Inwieweit die Erwerbsfähigkeit eines Versicherten eingeschränkt ist, beurteilt sich danach, welchen Lohn er durch eine Erwerbstätigkeit erzielen kann, auf die er nach seinem Gesundheitszustand und nach seinem beruflichen Werdegang zumutbar verweisbar ist. Der Kreis der Tätigkeiten, auf die der Kläger zumutbar verwiesen werden kann, richtet sich gemäß § 43 Abs 2 Satz 2 SGB VI nach der Dauer und dem Umfang seiner Ausbildung sowie seines bisherigen Berufes und nach den besonderen Anforderungen seiner bisherigen Berufstätigkeit. Im Anschluss an seine Ausbildung zum Maler und Lackierer hat der Kläger zuletzt vom 01.04.1987 bis 24.04.1998 den Beruf des Malers und Verputzers ausgeübt. Er wurde dabei nach dem Tarifvertrag des Malerhandwerks Gruppe Putz-Stuck (Bauhauptgewerbe) als Spezialbaufacharbeiter nach Berufsgruppe III-2 entlohnt und ist deshalb - was im Übrigen zwischen den Beteiligten unstreitig ist - entsprechend dem vom Bundessozialgericht (BSG) ent- wickelten Mehrstufenschema (gelernt - angelernt - ungelernt) als Facharbeiter zu beurteilen.
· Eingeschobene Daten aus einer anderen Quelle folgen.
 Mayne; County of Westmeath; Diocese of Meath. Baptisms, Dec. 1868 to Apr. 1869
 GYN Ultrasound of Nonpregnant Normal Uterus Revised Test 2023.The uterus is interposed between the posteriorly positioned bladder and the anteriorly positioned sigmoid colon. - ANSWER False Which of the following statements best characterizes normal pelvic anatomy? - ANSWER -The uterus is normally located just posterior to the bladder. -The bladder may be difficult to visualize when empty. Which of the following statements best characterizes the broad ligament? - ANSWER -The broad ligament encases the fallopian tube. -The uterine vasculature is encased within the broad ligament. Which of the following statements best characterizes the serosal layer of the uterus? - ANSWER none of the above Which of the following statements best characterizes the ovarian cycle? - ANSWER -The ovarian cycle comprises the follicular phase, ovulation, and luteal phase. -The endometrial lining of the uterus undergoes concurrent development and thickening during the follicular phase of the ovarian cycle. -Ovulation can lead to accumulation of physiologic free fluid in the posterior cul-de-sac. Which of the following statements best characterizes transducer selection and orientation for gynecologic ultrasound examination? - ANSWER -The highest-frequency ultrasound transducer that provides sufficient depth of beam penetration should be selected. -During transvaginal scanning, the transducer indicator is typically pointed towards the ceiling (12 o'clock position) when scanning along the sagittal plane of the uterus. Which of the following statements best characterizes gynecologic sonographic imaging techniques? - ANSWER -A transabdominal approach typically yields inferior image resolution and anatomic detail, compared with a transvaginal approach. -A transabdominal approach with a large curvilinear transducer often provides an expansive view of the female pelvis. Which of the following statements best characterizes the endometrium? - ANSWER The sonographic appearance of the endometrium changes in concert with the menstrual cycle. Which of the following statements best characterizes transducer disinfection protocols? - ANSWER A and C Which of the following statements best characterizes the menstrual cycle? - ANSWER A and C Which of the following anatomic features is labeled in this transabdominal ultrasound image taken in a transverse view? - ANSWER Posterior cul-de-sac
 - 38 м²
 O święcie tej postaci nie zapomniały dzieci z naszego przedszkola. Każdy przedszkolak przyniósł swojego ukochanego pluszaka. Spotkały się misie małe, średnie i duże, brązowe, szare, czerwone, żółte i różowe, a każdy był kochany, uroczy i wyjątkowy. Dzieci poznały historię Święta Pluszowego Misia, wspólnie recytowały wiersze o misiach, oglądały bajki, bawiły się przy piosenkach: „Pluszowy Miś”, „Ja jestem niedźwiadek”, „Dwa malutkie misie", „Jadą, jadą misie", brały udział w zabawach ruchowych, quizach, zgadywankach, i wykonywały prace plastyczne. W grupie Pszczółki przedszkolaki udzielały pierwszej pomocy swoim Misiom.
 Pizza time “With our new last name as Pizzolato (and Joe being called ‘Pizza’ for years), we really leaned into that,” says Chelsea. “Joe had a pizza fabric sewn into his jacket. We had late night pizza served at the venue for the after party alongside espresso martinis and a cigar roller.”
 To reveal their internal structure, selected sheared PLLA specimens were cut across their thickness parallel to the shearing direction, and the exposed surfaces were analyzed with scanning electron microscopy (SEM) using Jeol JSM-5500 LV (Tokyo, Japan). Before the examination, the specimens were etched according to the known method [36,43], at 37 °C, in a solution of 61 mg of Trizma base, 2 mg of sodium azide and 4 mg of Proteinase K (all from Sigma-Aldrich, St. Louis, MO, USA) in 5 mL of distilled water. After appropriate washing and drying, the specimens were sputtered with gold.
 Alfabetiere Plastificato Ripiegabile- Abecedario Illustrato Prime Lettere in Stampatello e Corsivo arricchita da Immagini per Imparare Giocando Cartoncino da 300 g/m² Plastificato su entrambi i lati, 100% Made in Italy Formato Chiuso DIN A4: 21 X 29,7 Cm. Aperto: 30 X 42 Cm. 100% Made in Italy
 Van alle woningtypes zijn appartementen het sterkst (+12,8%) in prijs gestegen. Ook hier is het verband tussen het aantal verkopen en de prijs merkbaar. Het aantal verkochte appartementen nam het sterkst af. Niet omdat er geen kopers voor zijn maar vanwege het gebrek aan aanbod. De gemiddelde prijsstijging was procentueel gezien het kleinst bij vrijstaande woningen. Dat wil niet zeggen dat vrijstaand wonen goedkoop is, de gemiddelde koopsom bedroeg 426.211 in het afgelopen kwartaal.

Den erlernten Beruf kann der Kläger ausweislich der Feststellungen aller im Verwaltungs- und sozialgerichtlichen Verfahren gehörten medizinischen Sachverständigen aufgrund seines Hüftleidens nicht mehr verrichten.
Der Kläger kann ferner nicht auf die von der Beklagten benannten Tätigkeiten als Lagerverwalter, Mitarbeiter in der Poststelle, Qualitätskontrolleur und Farbenmischer verwiesen werden. Wie das SG hierzu zutreffend ausgeführt hat, erfordern Tätigkeiten in einem Lager schon aufgrund der dazu notwendigen EDV-Kenntnisse, über die der Kläger nicht verfügt und die ihm nach seinen von der Beklagten zwar bestrittenen, aber nicht widerlegten Angaben weder während der Rehabilitationsmaßnahme im Berufsförderungswerk Nürnberg noch während des Praktikums bei der Bundeswehr ausreichend vermittelt wurden, nicht verwiesen werden. Die Tätigkeit als qualifizierter Mitarbeiter in der Poststelle einer Behörde oder eines Betriebes setzt ua umfangreiche Kenntnisse der Betriebsabläufe voraus. Dafür reicht eine dreimonatige Einarbeitungszeit nicht aus. Gleiches gilt für die Tätigkeit als Qualitätskontrolleur in der Farbenindustrie und eines Farbenmischers. Auf die Ausführungen des SG im angefochtenen Urteil vom 23.01.2001 nimmt der Senat insoweit Bezug (§ 153 Abs 2 SGG).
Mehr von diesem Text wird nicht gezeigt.